Natural numbers are fine for addition, but you get to a problem with subtraction: if you take 5 from 3, you end up with a number that isn’t in ℕ. So the next obvious way to expand is to add the negative integers and 0. Now we have the integer line stretching to infinity in both directions, with 0 in the middle, and this set, the integers, is called ℤ. As you can understand, ℕ is a subset of ℤ.

So far so good. ℤ is closed under addition, subtraction, and multiplication, meaning that if you take any two numbers in ℤ and either add, subtract, or multiply them together, you get a third number also in ℤ. However, what if you divide? You get a fraction – potentially a non-integer! And of course that’s not in ℤ. So the next set is the set of rational numbers (because they are ratios), called ℚ. Once again, ℚ is a superset of ℤ (any integer can be thought of as a ratio of itself over one).

All good, and this was as far as anyone thought for a while. Then a bright spark in Ancient Greece discovered numbers that couldn’t be ratios, and by many accounts, this was quite upsetting to the Greek geometers. Nevertheless, it was true, so Mathematics had to account for the so-called irrational numbers as well as the rational numbers, and taken together these constitute the real numbers ℝ.

At this point there are many fascinating asides involving mathematical efforts to tame infinity and infinitesimality, which meant that basis of much of maths (eg. calculus) was worryingly unstable and not well understood for quite a while, at least until brains like Georg Cantor had a go at it. There is also an aside about transcendental numbers (like π) which are a subset of irrationals that cannot be the root of any polynomials.
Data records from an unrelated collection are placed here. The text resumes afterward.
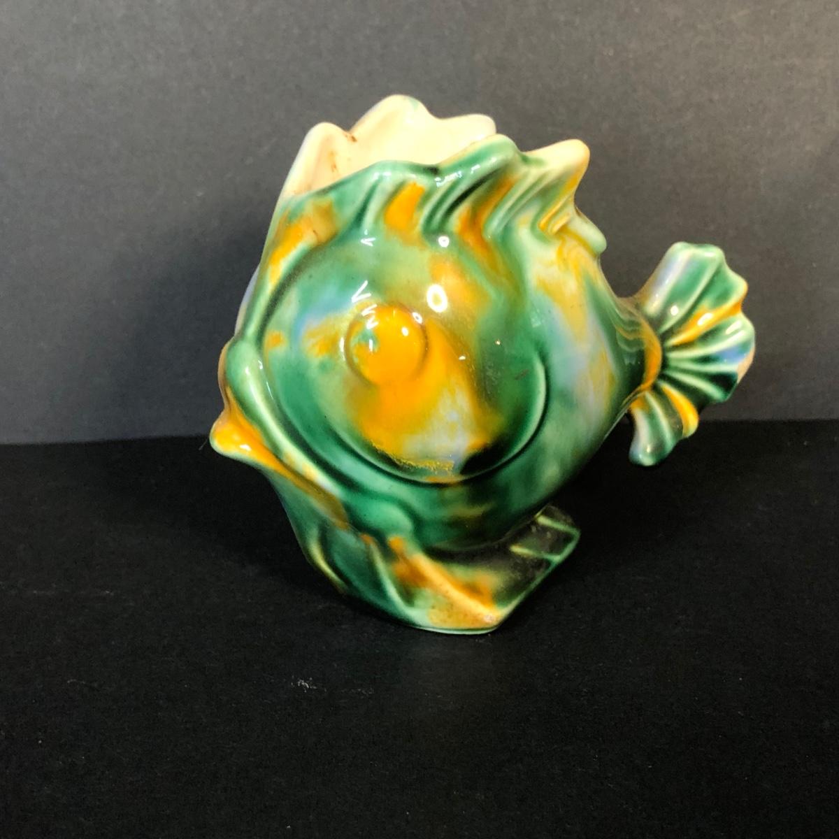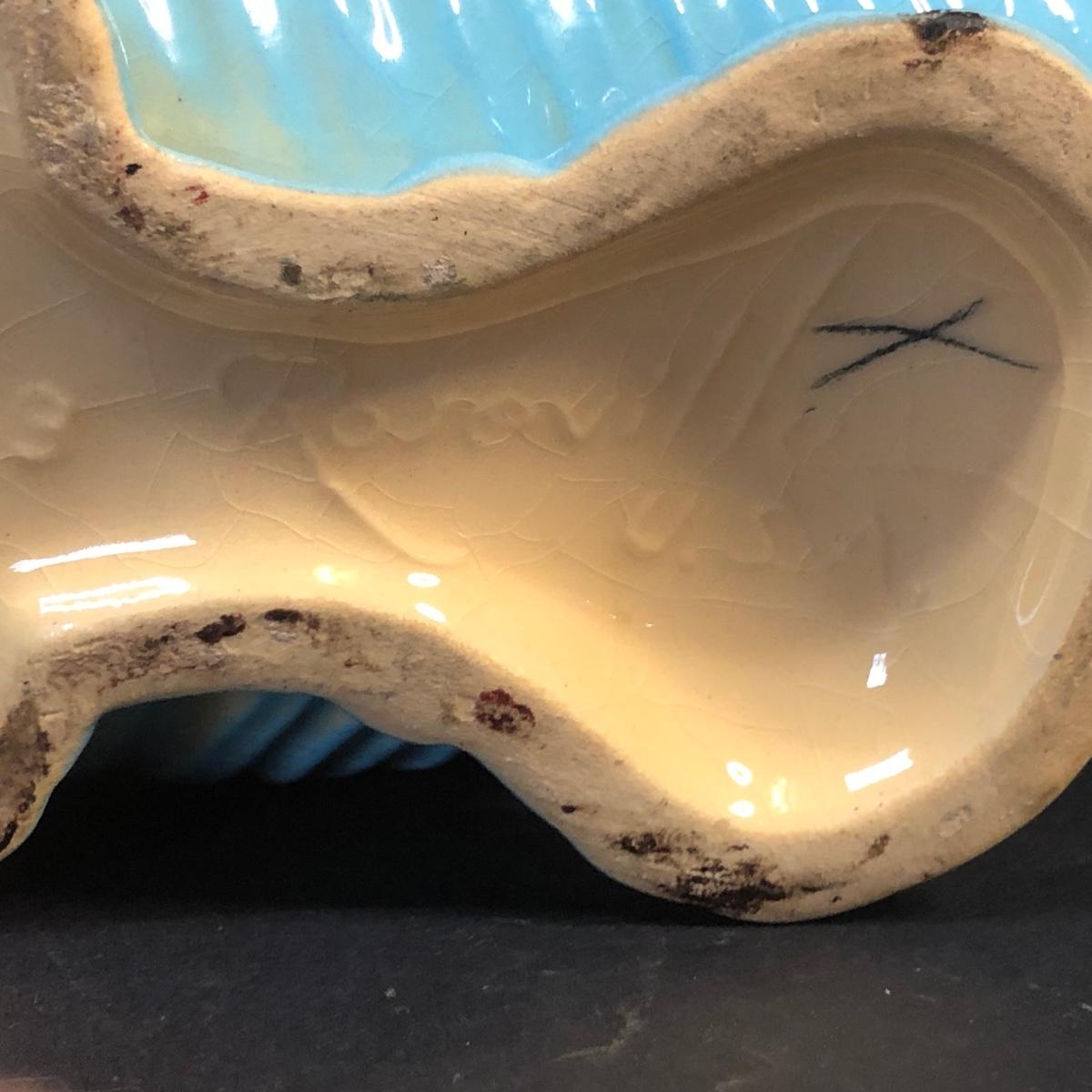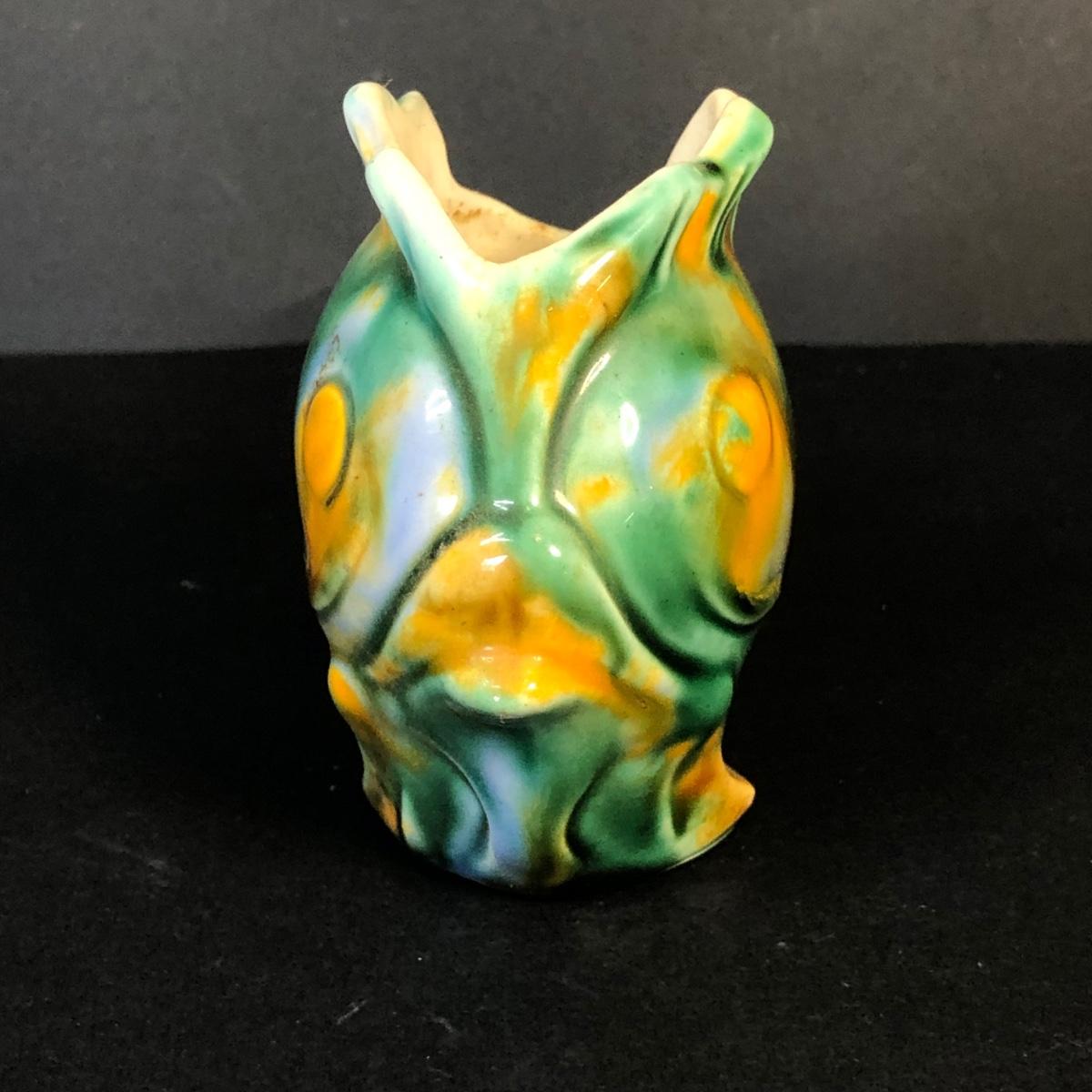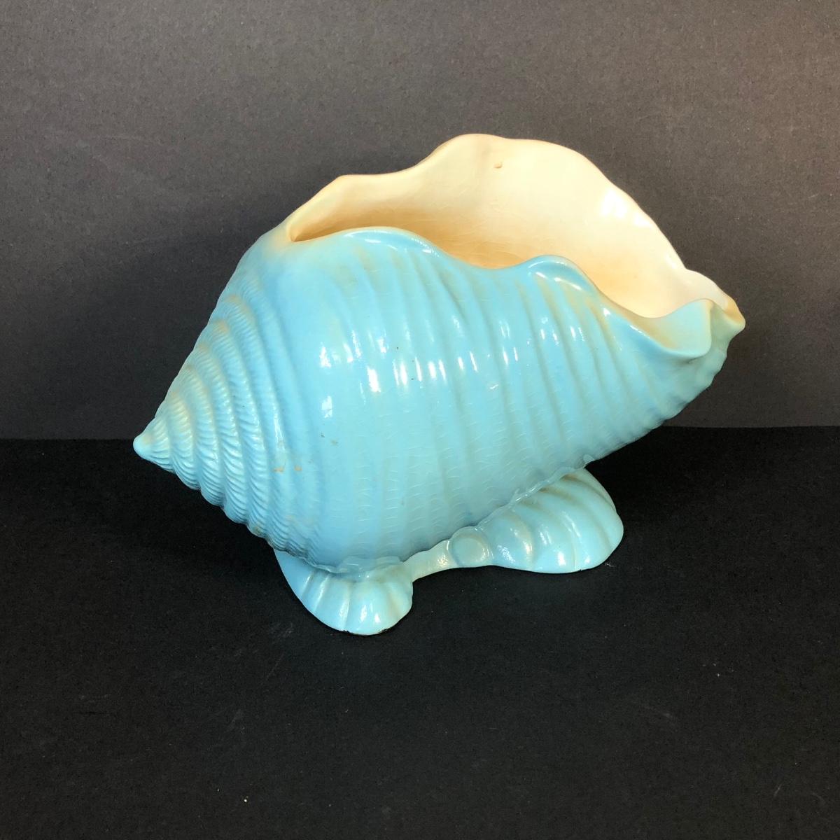 LOT 40M: Roosville Pottery Blue Shell, Cowan Pottery Seahorse Vase & Colorful Pottery Fish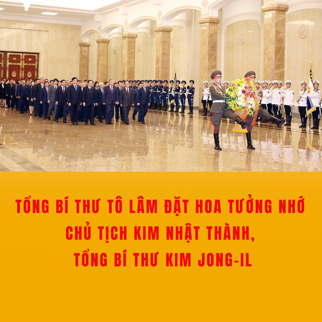 Tổng Bí thư Tô Lâm cùng Đoàn đại biểu cấp cao Việt Nam đến đặt hoa tưởng nhớ Chủ tịch Kim Nhật Thành, Tổng Bí thư Kim Jong-il tại Cung Thái Dương ở Thủ đô Bình Nhưỡng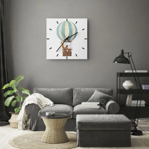 Reloj de pared - Reloj de vidrio - Un globo con una jirafa y un elefante flotando en las nubes. - 30x30cm - Viaje fantástico - Decoración de pared moderna para salón, cocina y dormitorio ARTTOR

Anyway, sweeping all this under the table and assuming that the real numbers ℝ are perfectly well-understood, there remains a final snag for our story. Taking square roots is undefined for negative numbers, which in mathematical terms means that ℝ was not closed under exponentiation. To fix this final problem, we come to the complex numbers ℂ, each of which has a real part and an imaginary part (which is expressed as a multiple of i, the square root of -1).

Because they have two parts, the complex numbers can be thought of as a two-dimensional space: an x-y graph space where x is the real axis and y is the imaginary axis. And this is the complex plane. So finally we’re back to the original explanation with enough context to understand it: the Mandelbrot set is simply a colouring of each value in the complex plane (with suitable limits in x [real] and y [imaginary] parts) according to whether it’s in the set or not, or how fast the iterative process can determine that. Because there are an infinite number of values in the plane, you can zoom in without limit, and the fractal nature of the set means you will discover finer and finer detail.